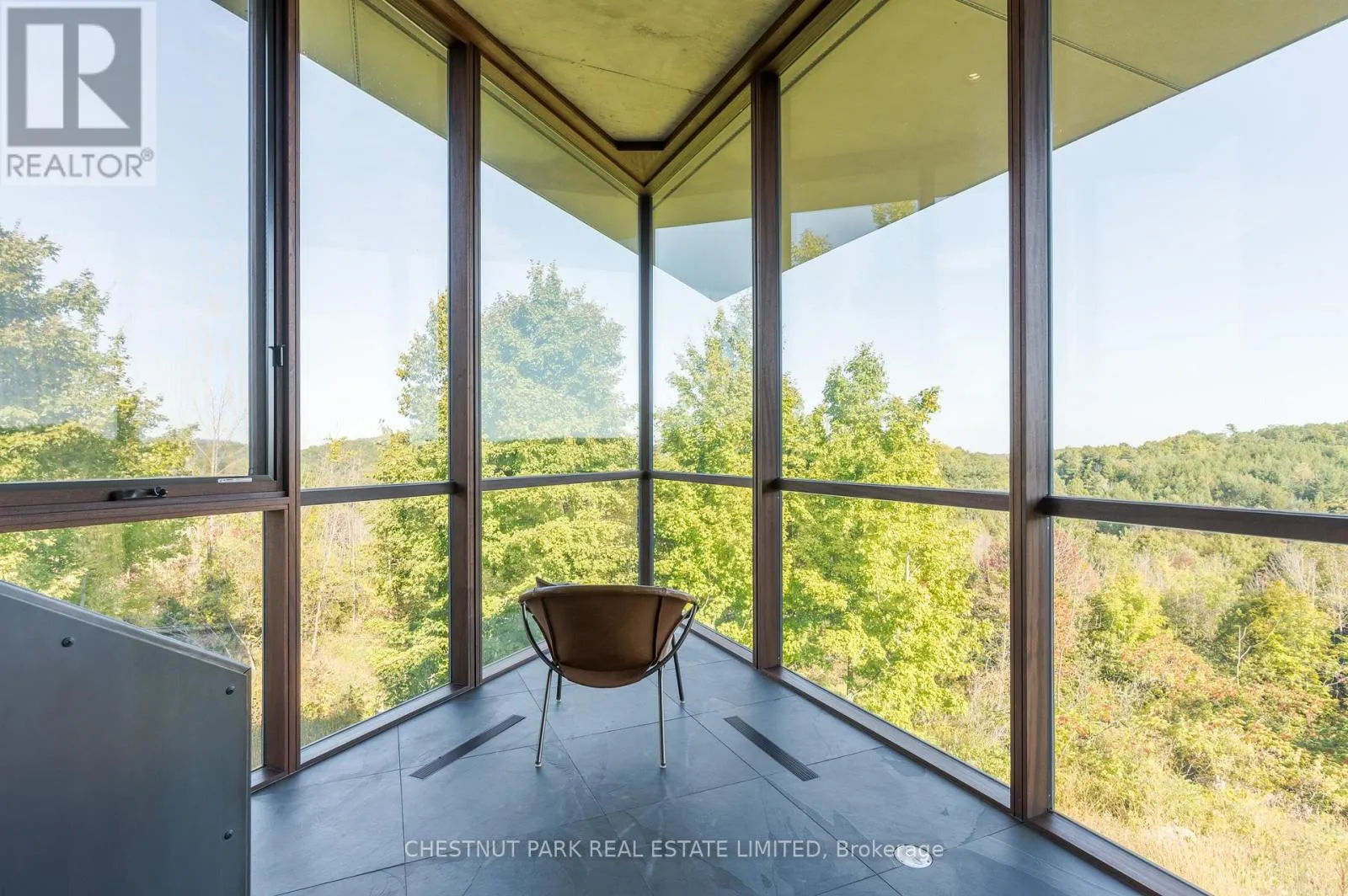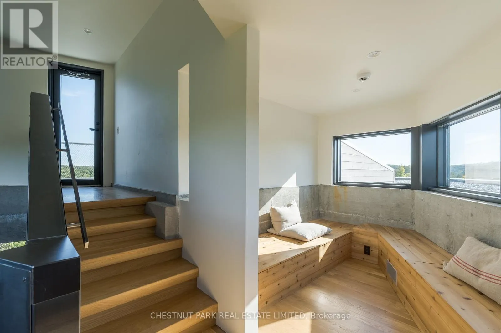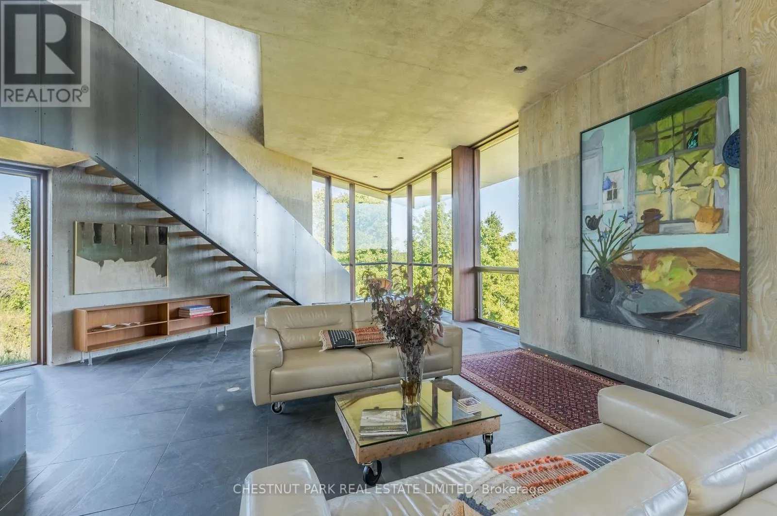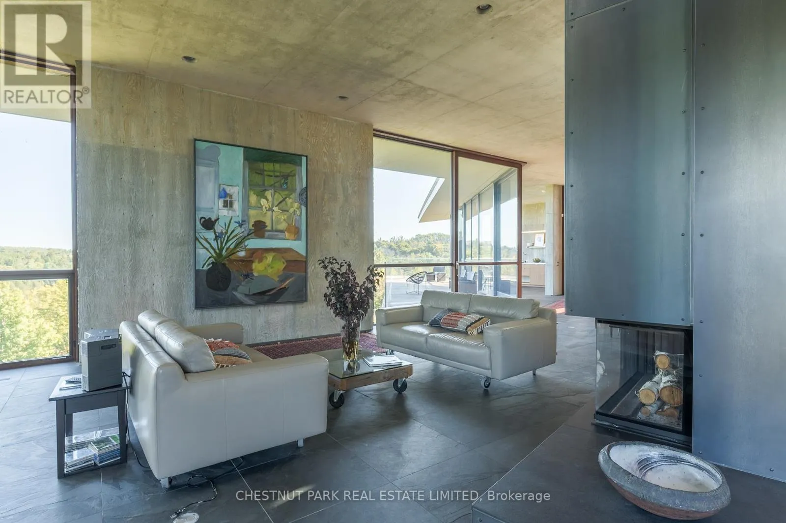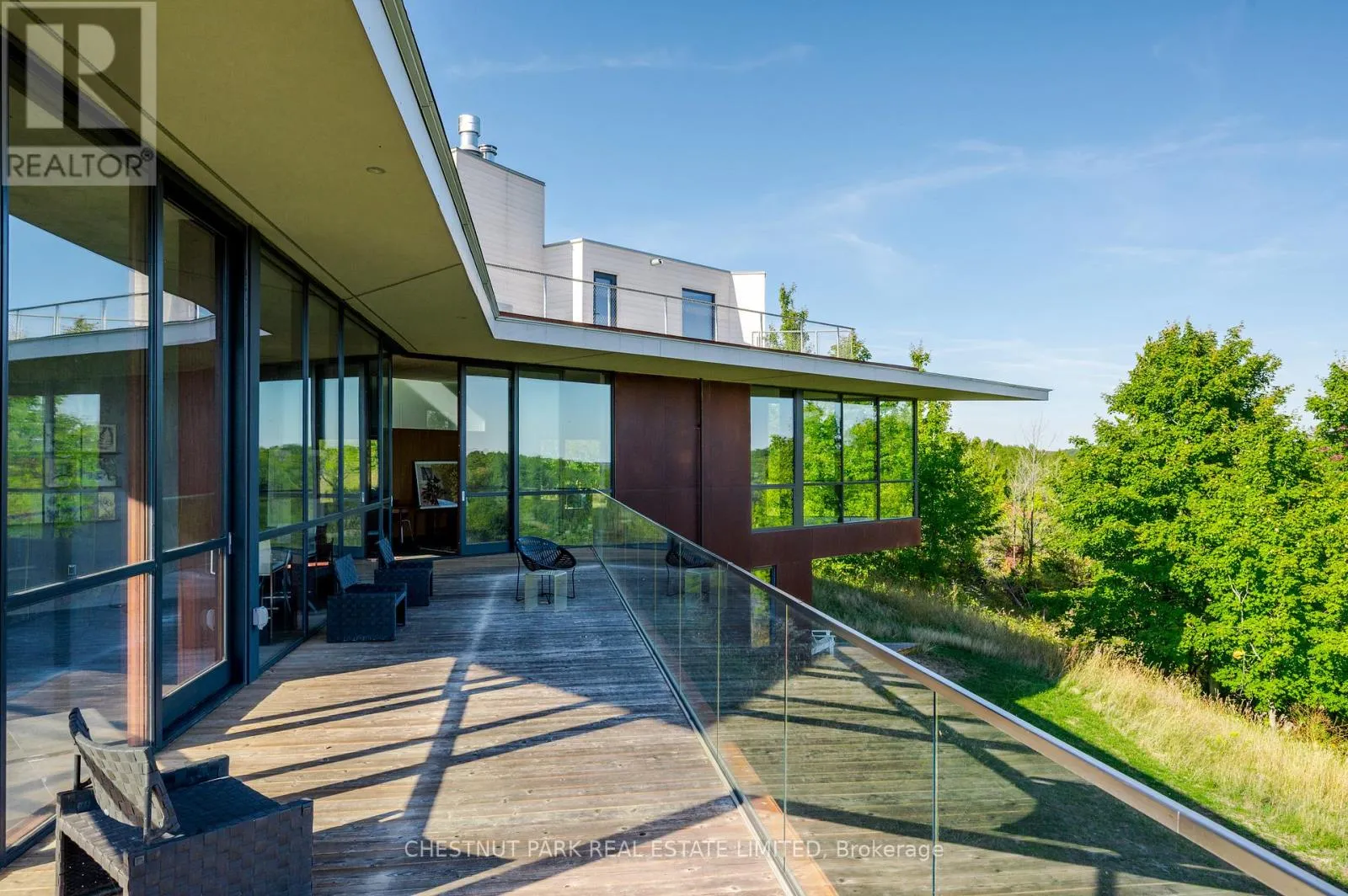 Cross Streets: Massey Rd. & Clouston Rd. ** Directions: N. from Massey Rd at St. Anne's Spa, N on Clouston to Helen's Lane. The Brillinger House. Architecture and nature harmonize in a magical setting with this stunning 2024 build, designed by Adam Thom. The structure brings the hills, forest, field and light into this contemporary home. The landscape is intended to stay as natural as possible, the terrain just mildly tamed. One is welcomed through a unique entrance, with shelter and open sky. No disappointment upon entering. The open concept living area invites you in, a magnificent expanse of doors, windows reaching from the floor to the soaring ceiling mirror natures earth to sky magic. Slate floors, wood textured concrete and warm teak walls all work in balance with the vistas. This main level is graced with The Great Room and fireplace, a subtle minimalist bar kitchen, massive deck, two bedrooms, and a sublime bathroom with a walk-in shower & separate 2nd 2 pc. One can also ascend a staircase to a sunlit quiet reading or meditating area that leads to a deck with 360 views of the countryside. Use the elevator or the grand open staircase to the ground level where a den/office space, with doors open to the glorious countryside. A grand master bedroom with a walkout stands as another opportunity to let nature in. Separate from the water closet, an open shower area leads to an open deck, outdoor shower and sauna. A 2nd potential kitchen, laundry are next to the room holding the state of the art heating and cooling system. Two homes sit on this, private, secluded 63 acres property, 5 min north of St. Anne's Spa in Grafton. The 2nd home, also included, Petit Brillinger, perfect as a guest home or rental, while a totally different design concept, offer 3 bedrooms, 2 baths and a warm open concept living, dining, kitchen. Offering the same private views and surroundings, each unseen by the other. Paths circle the property and take you to a natural spring fed pond, perfect for swimming, skating and picnics or a summer cocktails. This is your perfect retreat. (id:27476)
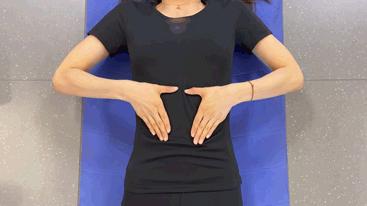 仰臥,兩手掌放在小腹部,沿着腹部外側,邊揉邊緩慢移動,手碰到肋骨後,慢慢邊揉動邊向中間靠攏。
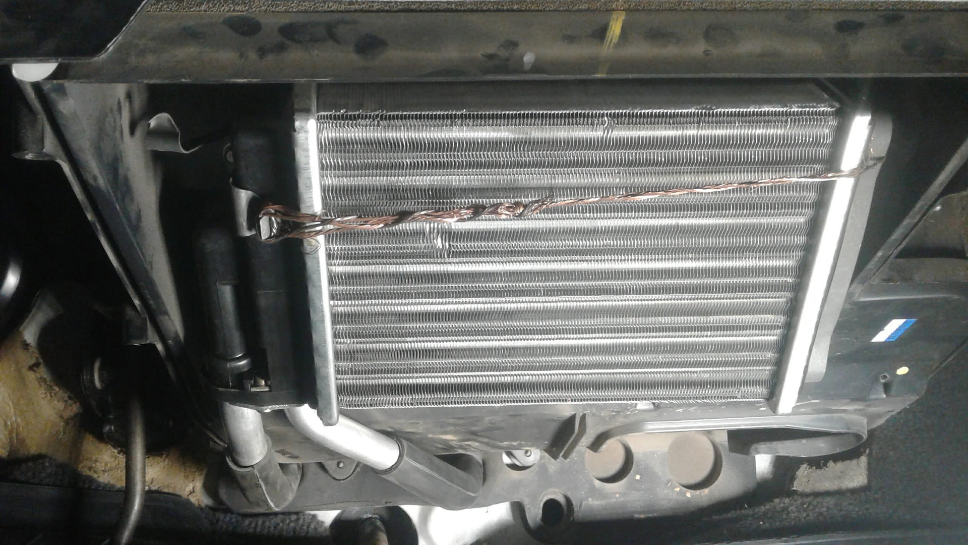Несколько лет выделывалась печка, то кочегарила, то дула холодным… в итоге стала замечать, что лобовое стекло как то запотевало, вытираю а оно опять как жирное, но и потихоньку стал уходить антифриз…((( Подняли машину на подъёмнике, долго пришлось искать пока на меня не капнул антифриз… ну вот и нашли протечку, и как бы с таким никогда не сталкивались, не могли понять почему капает со шланга кондиционера, потом нам объяснили, что там стоит поддон … хорошо, что текло не в салон. Заглушили печку, ну и постепенно готовилась к замене радиатора…

----

EXERCISE: The reply should contain every line of the material exactly, and no images.

COMPLETED TASK:
 Cross Streets: Massey Rd. & Clouston Rd. ** Directions: N. from Massey Rd at St. Anne's Spa, N on Clouston to Helen's Lane. The Brillinger House. Architecture and nature harmonize in a magical setting with this stunning 2024 build, designed by Adam Thom. The structure brings the hills, forest, field and light into this contemporary home. The landscape is intended to stay as natural as possible, the terrain just mildly tamed. One is welcomed through a unique entrance, with shelter and open sky. No disappointment upon entering. The open concept living area invites you in, a magnificent expanse of doors, windows reaching from the floor to the soaring ceiling mirror natures earth to sky magic. Slate floors, wood textured concrete and warm teak walls all work in balance with the vistas. This main level is graced with The Great Room and fireplace, a subtle minimalist bar kitchen, massive deck, two bedrooms, and a sublime bathroom with a walk-in shower & separate 2nd 2 pc. One can also ascend a staircase to a sunlit quiet reading or meditating area that leads to a deck with 360 views of the countryside. Use the elevator or the grand open staircase to the ground level where a den/office space, with doors open to the glorious countryside. A grand master bedroom with a walkout stands as another opportunity to let nature in. Separate from the water closet, an open shower area leads to an open deck, outdoor shower and sauna. A 2nd potential kitchen, laundry are next to the room holding the state of the art heating and cooling system. Two homes sit on this, private, secluded 63 acres property, 5 min north of St. Anne's Spa in Grafton. The 2nd home, also included, Petit Brillinger, perfect as a guest home or rental, while a totally different design concept, offer 3 bedrooms, 2 baths and a warm open concept living, dining, kitchen. Offering the same private views and surroundings, each unseen by the other. Paths circle the property and take you to a natural spring fed pond, perfect for swimming, skating and picnics or a summer cocktails. This is your perfect retreat. (id:27476)
 仰臥,兩手掌放在小腹部,沿着腹部外側,邊揉邊緩慢移動,手碰到肋骨後,慢慢邊揉動邊向中間靠攏。
Несколько лет выделывалась печка, то кочегарила, то дула холодным… в итоге стала замечать, что лобовое стекло как то запотевало, вытираю а оно опять как жирное, но и потихоньку стал уходить антифриз…((( Подняли машину на подъёмнике, долго пришлось искать пока на меня не капнул антифриз… ну вот и нашли протечку, и как бы с таким никогда не сталкивались, не могли понять почему капает со шланга кондиционера, потом нам объяснили, что там стоит поддон … хорошо, что текло не в салон. Заглушили печку, ну и постепенно готовилась к замене радиатора…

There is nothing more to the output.